I am experiencing a discrepancy between the SHA-256 hash of a Wasm file calculated locally (both in JavaScript and Rust) and the module_hash reported in a canister’s status on the Dfinity platform. I’m hoping to gain insights or suggestions on why this might be occurring.

The Issue:

  • When calculating the SHA-256 hash of a Wasm file locally using standard libraries (crypto.subtle.digest in JavaScript and ic_crypto_sha2::Sha256::hash in Rust), I consistently get the following hash:
    [
      55, 110, 3, 129, 195, 175, 128, 32,
      98, 31, 15, 105, 218, 1, 41, 12,
      116, 227, 94, 141, 195, 247, 62, 10,
      27, 44, 15, 217, 195, 143, 170, 83
    ]
    
  • However, the module_hash obtained from the canister’s status is different:
    {173; 232; 148; 57; 254; 212; 152; 86; 41; 253; 22; 139; 49; 151; 110; 63; 40; 117; 127; 37; 152; 67; 159; 19; 39; 62; 152; 96; 15; 9; 225; 229}
    

Steps Taken:

  1. Local Hash Calculation: Implemented a function in both JavaScript and Rust to calculate the SHA-256 hash of the Wasm file.
  2. File Integrity: Ensured that the Wasm file is identical in all tests and is read in binary mode.
  3. Hash Function Consistency: Used standard SHA-256 implementations in both programming languages.

Questions:

  1. Preprocessing of Wasm File: Does Dfinity perform any preprocessing or modification on the Wasm file before calculating the module_hash?
  2. Hashing Process: Is there a specific detail in the hashing process on Dfinity’s end that might differ from the standard SHA-256 implementation?
  3. Environmental Factors: Could environmental factors influence the module_hash reported by the canister’s status?
  4. Additional Insights: Are there known issues or considerations that might explain this discrepancy?

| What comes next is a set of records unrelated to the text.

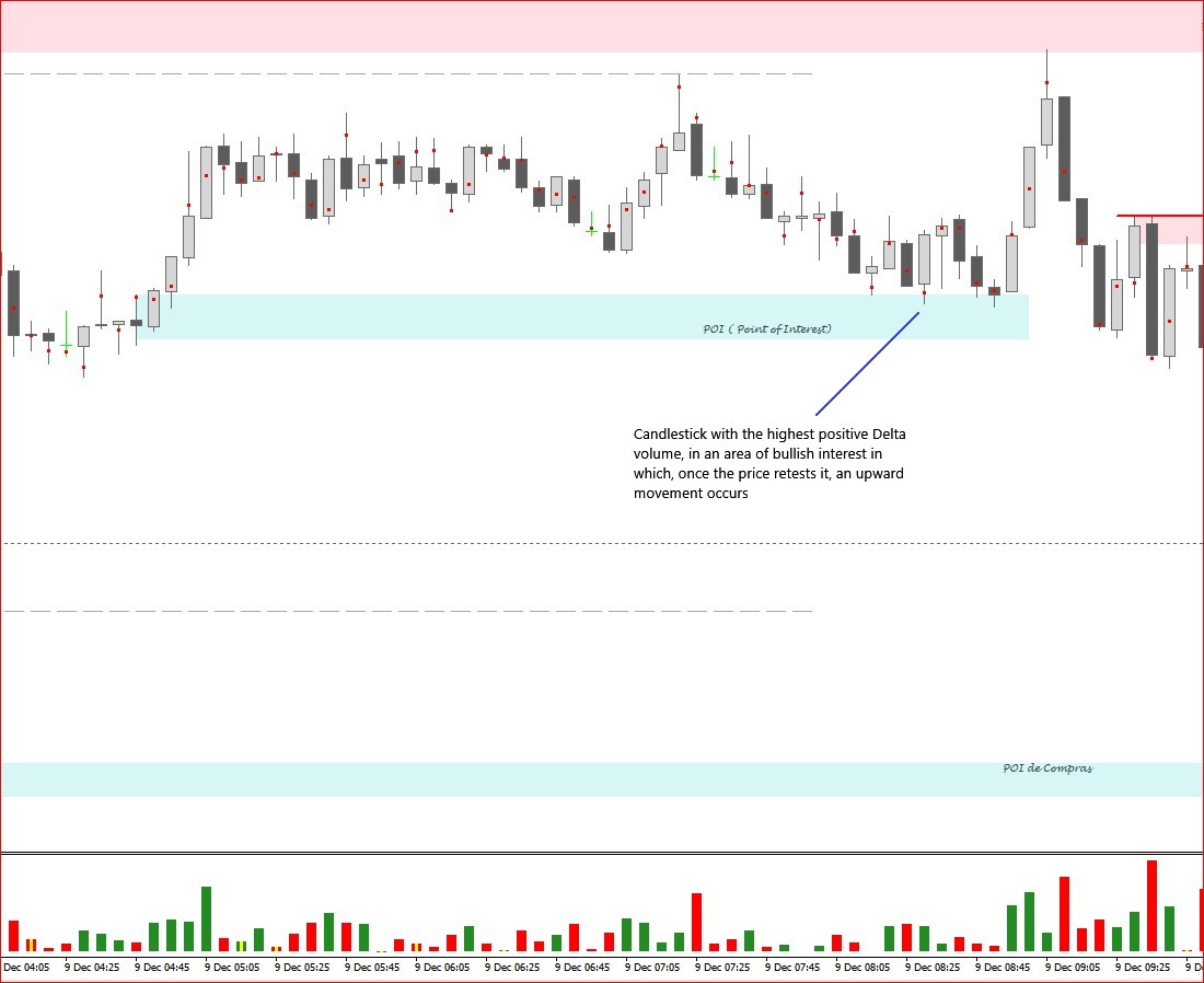 Yes Sure,,, it would be the candle where the volume peak occurs... at the end of said candle is that the alarm would appear.... The movement that occurs after is just a diagram of the price movement, the reaction that the market has when returning to the area where the movement originated with that delta and to see the result. If the Delta peak occurs in the 9:00 am candle, for example, at the end of that candle in a M5 TF, the alarm could be sent... then it is the operator's responsibility to pay attention to it or not. and act accordingly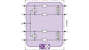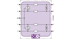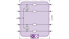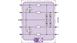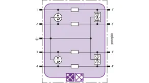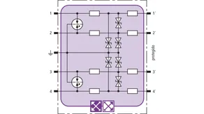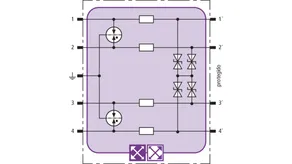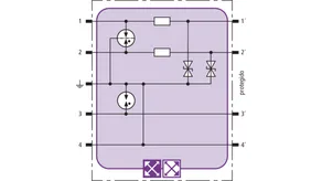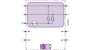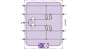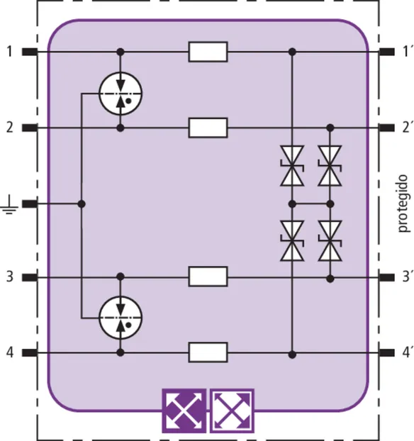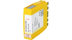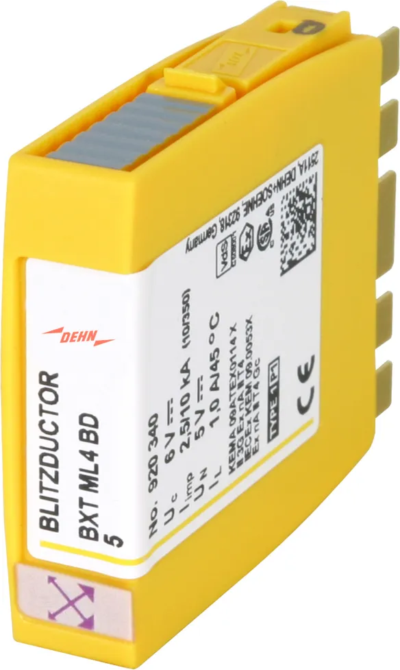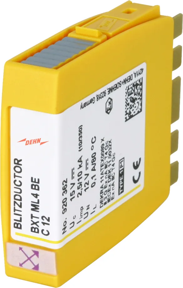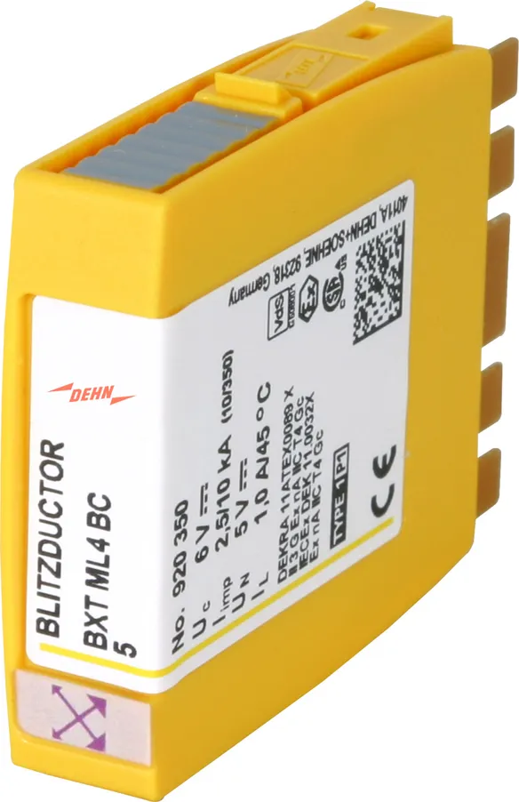 Módulo descargador combinado de corrientes de rayo y sobretensiones de gran ahorro de espacio, con función RFID LifeCheck, para protección de cuatro hilos individuales con potencial de referencia común así como interfaces asimétricas. Si la función LifeCheck detecta sobrecarga eléctrica o térmica el descargador ha de ser reemplazado. Este estado se indica sin contacto por el lector DEHNrecord LC / SCM / MCM.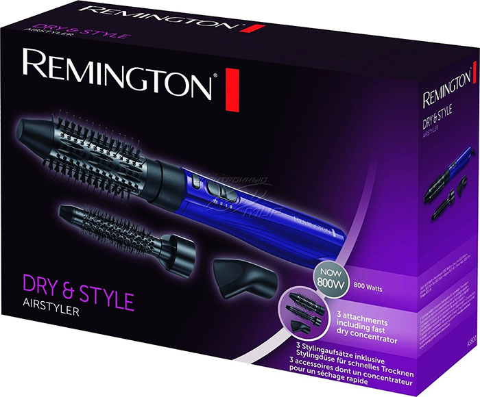 سشوار ثابت رمینگتون Remington AS800 دارای موتور DC با قدرت 800 وات می باشد. این سشوار دارای سه سری مختلف است که شامل برس 38 میلی متری که موجب حجم دهی و پرپشت کردن موها میشود، برس 21 میلی متری برای ایجاد فرهای زیبا بر روی موها به همراه سری متمرکز کننده به منظور خشک کردن سریع مو.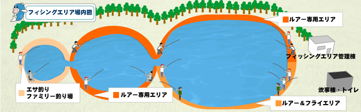 区画が分かれているので、場所によってさまざまな釣り方で釣りを楽しむことができます。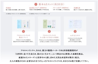 「ドモホルンリンクル」は、漢方の製薬会社「再春館製薬所」がつくる化粧品です。人が本来持つ力に着目し、今ある悩みに対処しながら、これからの悩みにも先回りケア。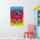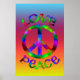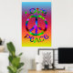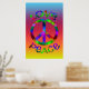 Volte atrás com este design de poster que lembra os dias hippies nos anos 60 e 70. Um símbolo de paz com LOVE acima e PEACE abaixo é preenchido com um padrão tingido e está em um plano de gradação de coordenação.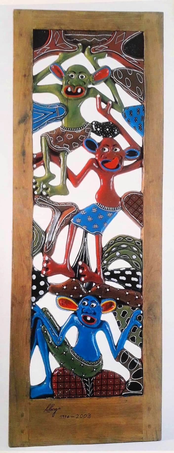 LILANGA GEORGE Tanzania 1934-2005 ”The door of dar” smalti e acrilici su legno intarsiato e sagomato cm 203x72x4 del 1974-2003. Firmato e datato sul fronte in basso a sinistra. Opera pubblicata a pag 141del catalogo ragionato “George Lilanga” Volume II. Provenienza collezione privata.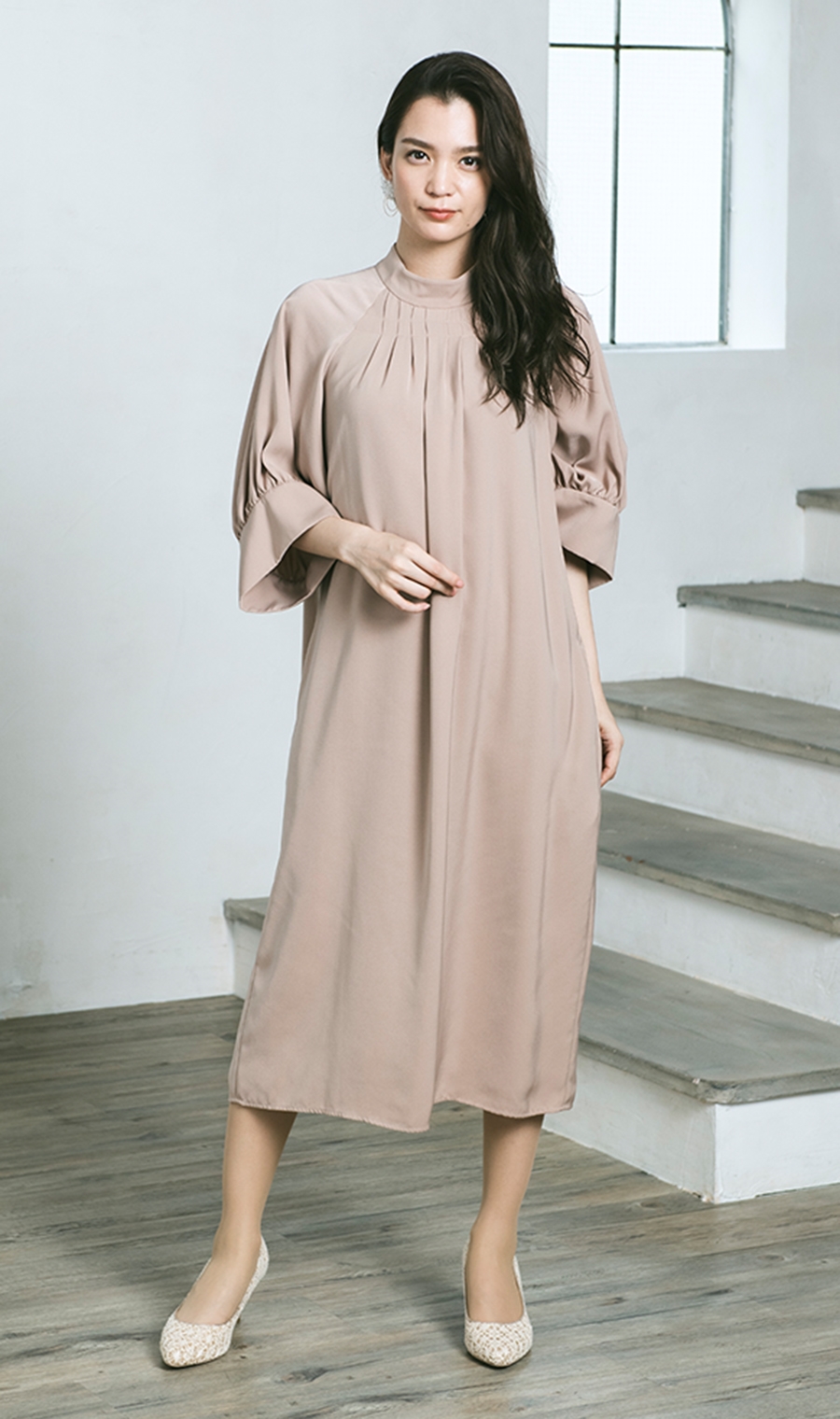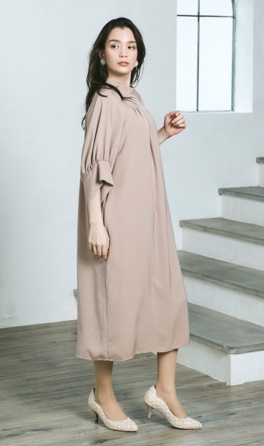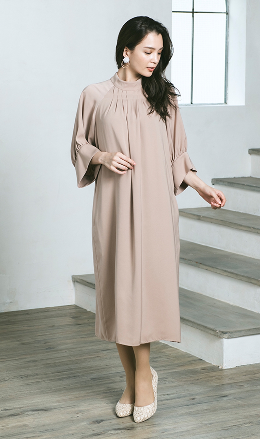 【ラグランボリュームスリーブドレス】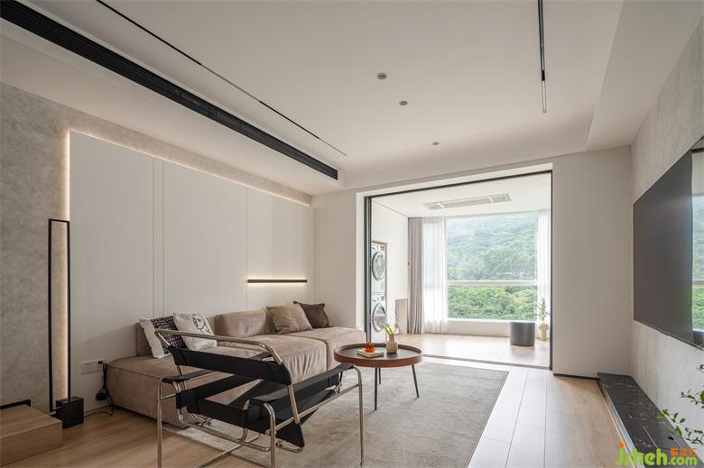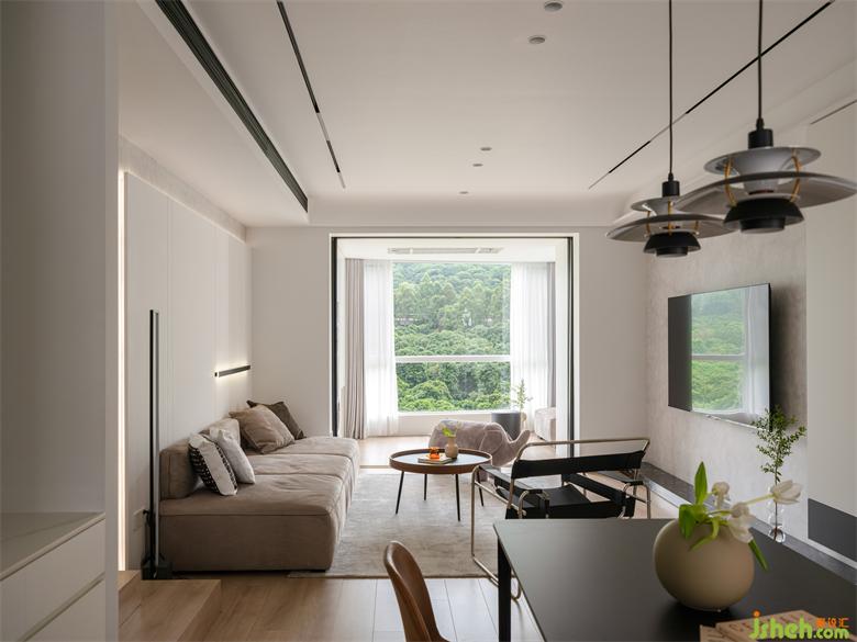 阳台封窗纳入公共区引进疗愈山景,内部空间以极简内敛基调给与居住者更自由且丰富的精神想象。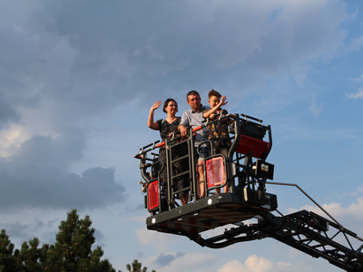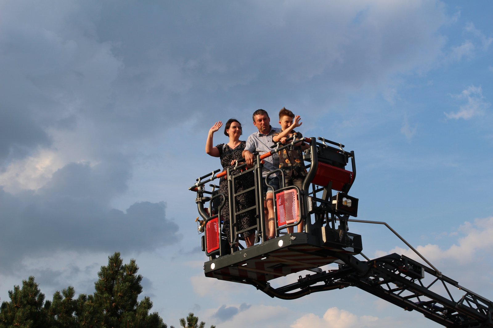 Im Vorfeld hatten die Floriansjünger die Abensberger Feuerwehr gebeten, sie bei diesem Vorhaben mit ihrer Drehleiter zu unterstützen. Doch als diese kurzfristig absagte, war guter Rat teuer. Doch ein Anruf bei den Kameraden in Neustadt genügte. Kommandant Jürgen Bucher sagte sofort zu und schickte seinen Sohn Marcel auf den Weg nach Offenstetten. Als die Drehleiter, eingerahmt von den beiden Fahrzeugen der Offenstettener Wehr, vor Mirlachs Haus am Sommerkeller mit Blaulicht eintrafen und noch kurz die Sirenen einschalteten, war für Andreas die Überraschung groß. Und dann hieß es einsteigen in den Korb und Marcel Bucher fuhr die Familie in die Höhe. Oben gab es bei schönem Sonnenschein eine gute Aussicht in alle Himmelsrichtungen.

I would greatly appreciate any insights or guidance to help understand and resolve this inconsistency. Thank you for your time and assistance!

Best regards,
Behrad

Could one of the two be gzipped and the other not?

It is standard. A command line like sha256sum canister.wasm has always given me the same hash as dfx canister info <canister id>.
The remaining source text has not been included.